Quand une telle procédure arrive sur le devant de la scène, l’avantage est qu’elle permet de faire sortir du bois les États membres, révélant alors leur stratégie juridique, ou sous un autre angle, leur appétit pour la vie privée. Remarquons tout spécialement la France qui, comme trois autres pays, a tenté d’écarter ce carcan, pensant avoir déniché une faille.
Comment ? Le gouvernement a trouvé une brèche, à l’article 1 paragraphe 3 de la directive de 2002. Celui-ci exclut en effet de la régulation l’ensemble des dispositions nationales régissant l’univers de la sécurité publique, la défense et la sûreté de l’État. Autant de motifs impérieux qui pourraient justifier de conserver toutes les données de la population librement, afin d’en «
lire le passé », sans avoir à respecter quelques garanties que ce soient…
Seulement, l’avocat général n’a pas été convaincu. Et pour cause, une autre disposition de la directive, l’article 15, a été spécialement introduite pour régir l’obligation de conservation «
pour une durée limitée » lorsqu’il s’agit de «
sauvegarder la sécurité nationale - c'est-à-dire la sûreté de l'État - la défense et la sécurité publique ». N’est-ce pas là, la démonstration éclatante de la nécessité d’un encadrement ? De plus, la CJUE a déjà estimé que des dispositions équivalentes à celles de l’exception de l’article 1 ne frappaient que «
des activités propres aux États ou aux autorités étatiques » et donc «
étrangères aux domaines d’activité des particuliers ». En clair, n’en déplaise à Paris, l’article 15 permet bien de soumettre à la directive, la conservation des données.
...
La problématique revient finalement à se demander si cette obligation est aussi nécessaire que proportionnée.
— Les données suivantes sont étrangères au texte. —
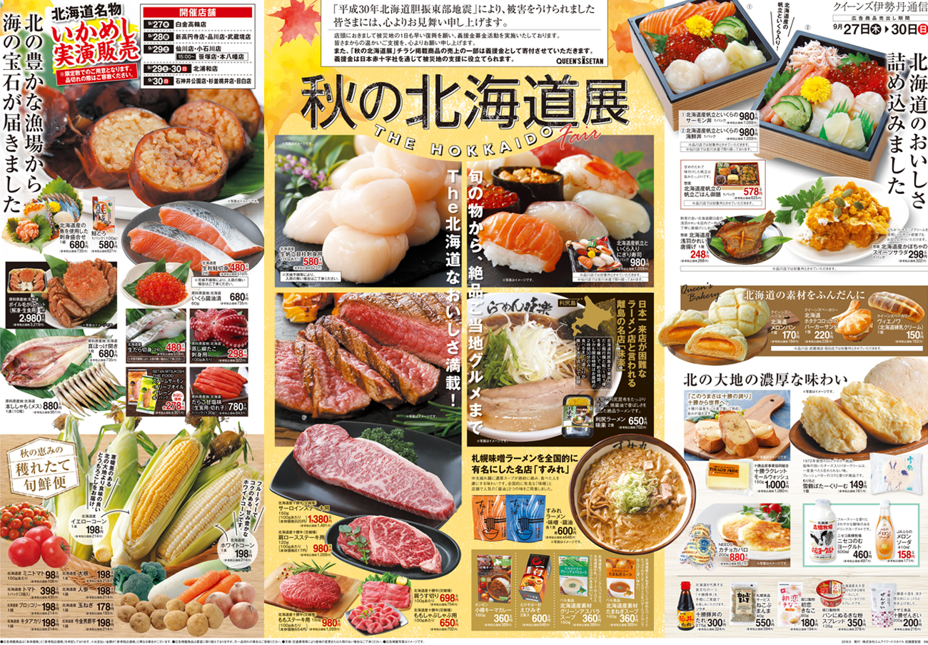 クイーンズ伊勢丹2018年9/27号(食品スーパー)のチラシでは、A 北海道を軸に商品提案がまとめられています。食品スーパーならではの視点で構成された紙面デザインが印象的です。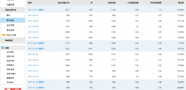我們網站的統計數據顯示的不僅僅是用戶如何瀏覽我們的網站,它們廣州企業網站建設公司還會顯示我們是否應該優化網站的設計,這其中我們應該查看的最重要的分析數據就是我們的跳出率。以下是在某網站的CNZZ(分析)部分流量截圖。從中我們可以看到,其日均跳出率已達到70%左右,也反應了該網站的用戶粘度??上攵@是多么糟糕的情況!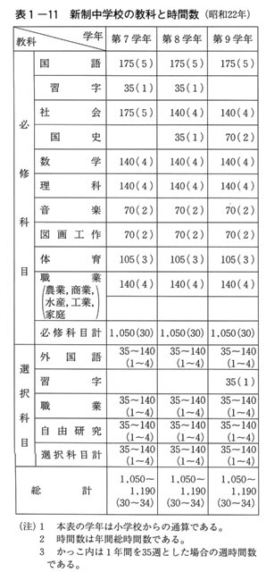 表1-11 新制中学校の教科と時間数(昭和22年)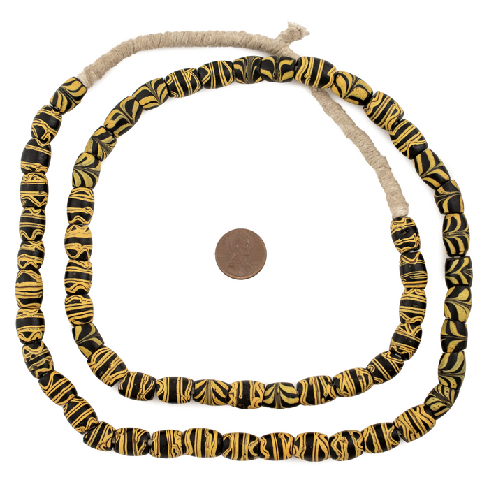 This beautiful strand of Antique Venetian Trade Beads has a distinctively tribal fair. The intense contrast between between the yellow and black colors gives a bold character to each bead. Old Trade Beads such as these were produced during the 18th and 19th century for Trade with Africa. Today, bead such as this are hard to find and coveted by collectors and bead aficionados. This special strand measures 32" long with approximately 59 beads measuring 13-15 x 9-10mm. You will receive the exact strand pictured.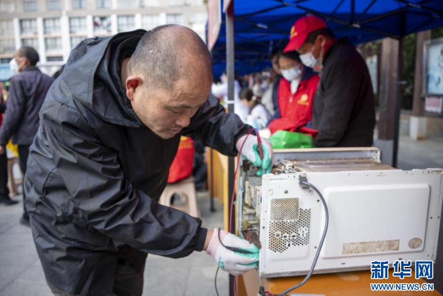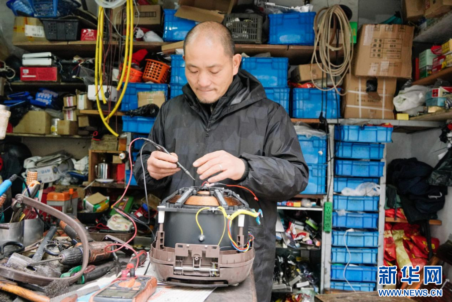 江国清在学雷锋纪念日为群众修理电器。新华网发

Dans son opinion, l’avocat général évoque là l’idée d’un «
test de nécessité » visant à savoir s’il y a plus efficace, et surtout moins attentatoire à cette conservation. À la suite de son analyse, ses conclusions soufflent le chaud et le froid, comme souvent à ce niveau juridictionnel. Il ressort en effet qu’«
une telle obligation [de conservation]
n’excède pas les limites du strictement nécessaire à condition d’être accompagnée de certaines garanties concernant l’accès aux données, la durée de conservation ainsi que la protection et la sécurité des données ».
Pour le dire autrement, une obligation générale de conservation des données sera toujours hors des clous du droit européen si elle n’est accompagnée d’aucune garantie. C’est d'ailleurs ce qu’a déjà dit la CJUE dans son arrêt Digital Rights, pilonnant cette obligation de conservation de l’ensemble des données relatives «
au trafic, sans qu’aucune différenciation, limitation ni exception soient opérées en fonction de l’objectif de lutte contre les infractions graves ».
...
Sans surprise, des États membres ont là encore tenté d’éteindre cet incendie de garanties, histoire de trouver le moins de contrariétés possible dans leur chemin sécuritaire. Un exemple ? L’une des questions en suspens est de savoir si ces États membres doivent respecter toutes les obligations de ce long listing ou bien certaines d’entre elles seulement. Pour
Open Rights Group et
Privacy International, cela ne fait aucun doute. Il s’agit de garanties minimales devant être suivies à la lettre !
Tel ne fut pas l’avis de l’Allemagne ou encore et toujours de la France. Pour ce couple, de telles garanties ne sont «
qu’indicatives ». Dans leur esprit, il reviendrait donc aux juridictions de réaliser une sorte d’appréciation d’ensemble, et de ne surtout pas entrer dans de menus détails. Nos voisins d’outre-Rhin ont soutenu en ce sens une logique dite des «
vases communicants » où «
une approche plus souple » sur l’une des garanties identifiées par la Cour «
pourrait être compensée par une approche plus stricte » sur une autre.
Thèse repoussée sans ménagement par l’avocat général puisqu’elle serait impraticable à l’épreuve des faits.